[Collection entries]
◇ ◇ ◇ ◇ ◇

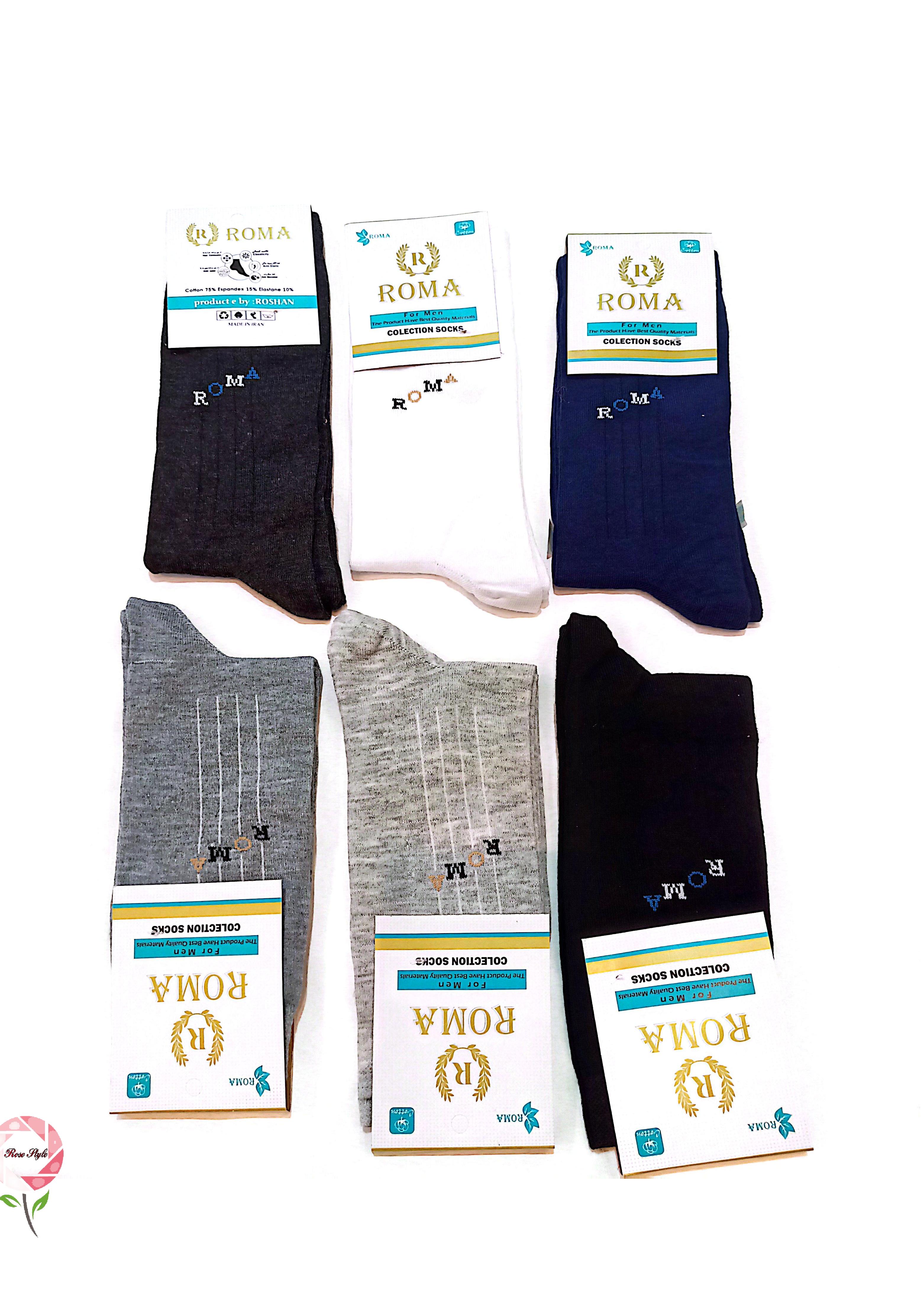 جوراب مردانه ساق بلندROMAسه خط نخ پنبه رزاستایل 1065c
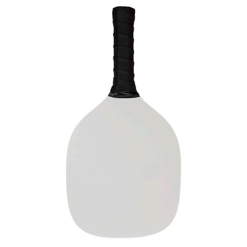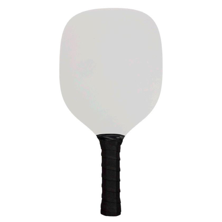 Pickle ball set with 2 MDF bats, 1 white ball, and natural poly-cotton drawstring pouch. White bats with black handles. Bat Size: 190mmL x 380mmH
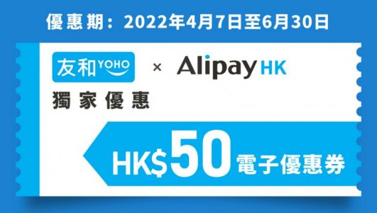 登記支付寶AlipayHK收取消費券的用戶,可於Alipay HK手機應用程式內領取友和$50電子優惠券。憑優惠碼於友和購物,買滿港幣$1,000即減$50。
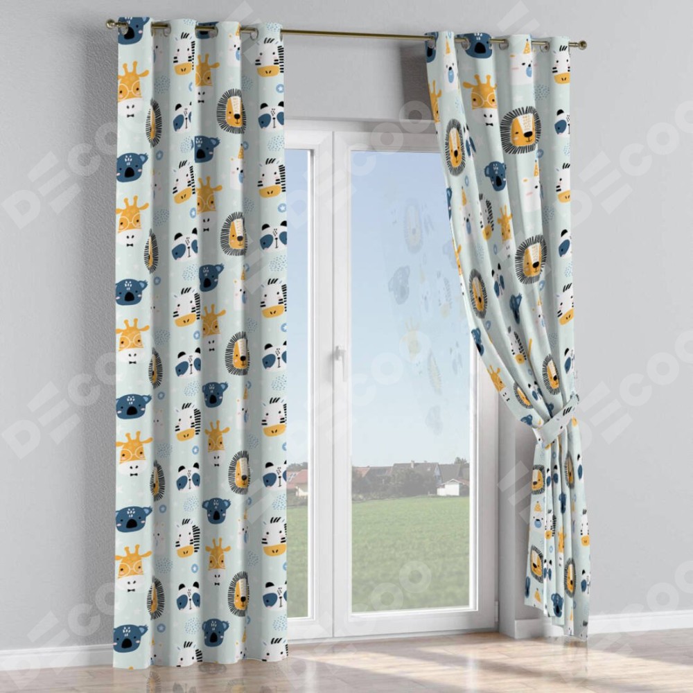 Комплект прямых штор, от производителя «Cortin», пошиты из ткани блэкаут с нанесением сублимационной печати «Чудесный зоопарк». Данная модель пошита на люверсах, комплектуется на выбор круглым карнизом и подходит для монтажа на стену или потолок. Прямые шторы на люверсах шьются по стандарту с коэффициентом 1/2 (на 100 см. ширины проёма 200 см. ширины ткани), отличительным преимуществом данной модели является простой способ монтажа. Достаточно повесить ее на трубу и штора готова!
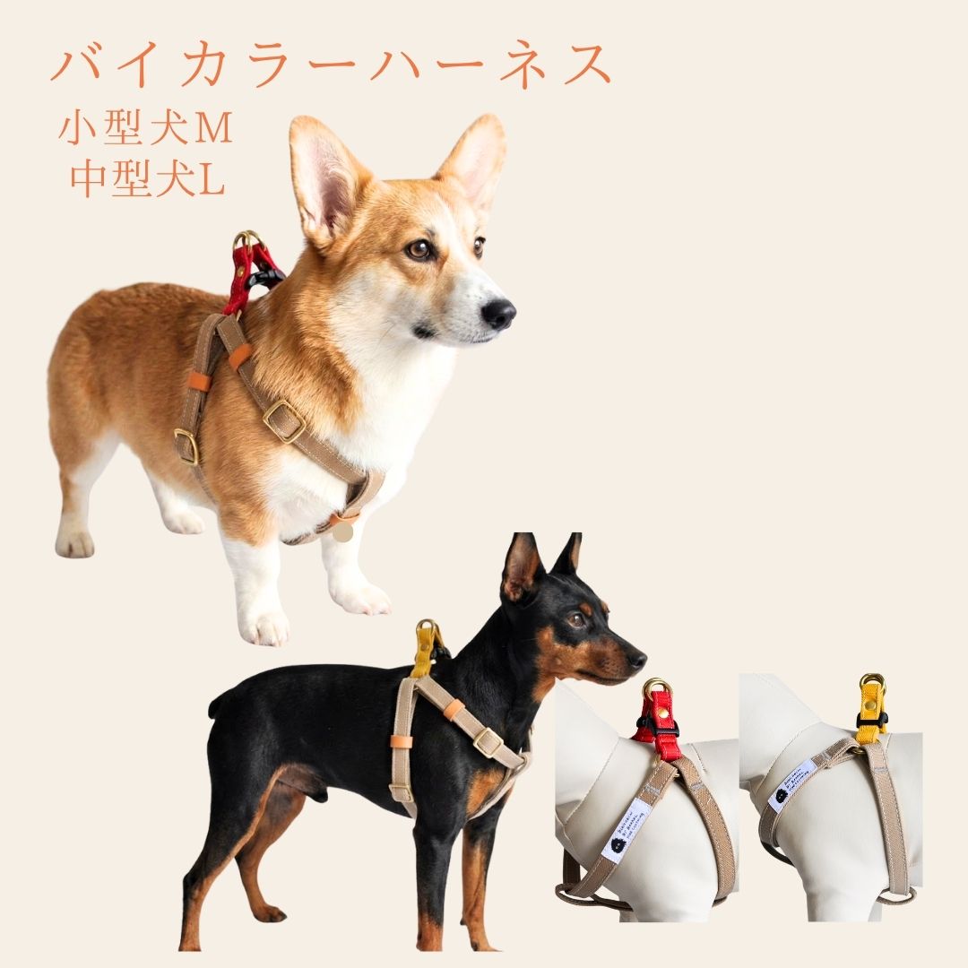 ハーネス 犬 胴輪 小型犬 中型犬 丈夫 頑丈 犬のハーネス 犬用ハーネス 首に優しい 抜けにくい M L レッド×ベージュ マスタード×ベージュ おしゃれ 倉敷帆布 犬用胴輪 日本製 安心 安全 高品質 手洗い プレゼント 誕生日
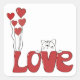 Sticker Carré Cute Chat Love Typographie Coeurs rouges | Valenti
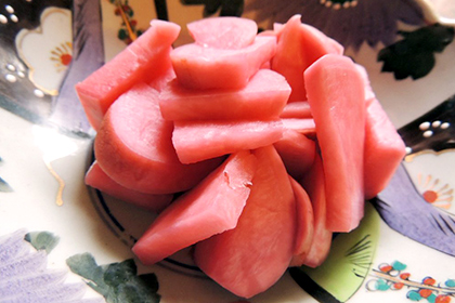 The Hida area is ringed by high mountains, and it experiences freezing colds and frequent snowfalls in winter. In 1918, Takayama-shi, a town in Hida, saw the discovery of a red, mutated strain of the hachiga turnip, which was cultivated as the “Hida beni kabu (red turnip),” with the pickled end-product called the “red turnip pickles.” In an era when it was difficult to get your hands on fresh vegetables, these were a valuable form of preserved food for getting through the long winters in snow country.
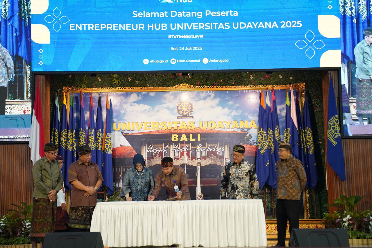 Bali, 24 Juli 2025 – Bertempat di Gedung Widya Sabha, Kampus Bukit Jimbaran Universitas Udayana, kegiatan Entrepreneur Hub Universitas Udayana resmi dibuka oleh Wakil Menteri Koperasi dan UKM Republik Indonesia, Helvi Fahrudin. Mengusung tema “Kampus Berdampak, Wirausaha Berdaya”, acara ini menjadi momentum penting dalam memperkuat ekosistem kewirausahaan di lingkungan perguruan tinggi, khususnya di Bali.

◇ ◇ ◇ ◇ ◇

Both the line containing "登記支付寶AlipayHK收" and the line containing "Комплект прямых штор, от производителя" above belong in the output, as do the lines between them. Print them exactly, without pictures.

 登記支付寶AlipayHK收取消費券的用戶,可於Alipay HK手機應用程式內領取友和$50電子優惠券。憑優惠碼於友和購物,買滿港幣$1,000即減$50。
 Комплект прямых штор, от производителя «Cortin», пошиты из ткани блэкаут с нанесением сублимационной печати «Чудесный зоопарк». Данная модель пошита на люверсах, комплектуется на выбор круглым карнизом и подходит для монтажа на стену или потолок. Прямые шторы на люверсах шьются по стандарту с коэффициентом 1/2 (на 100 см. ширины проёма 200 см. ширины ткани), отличительным преимуществом данной модели является простой способ монтажа. Достаточно повесить ее на трубу и штора готова!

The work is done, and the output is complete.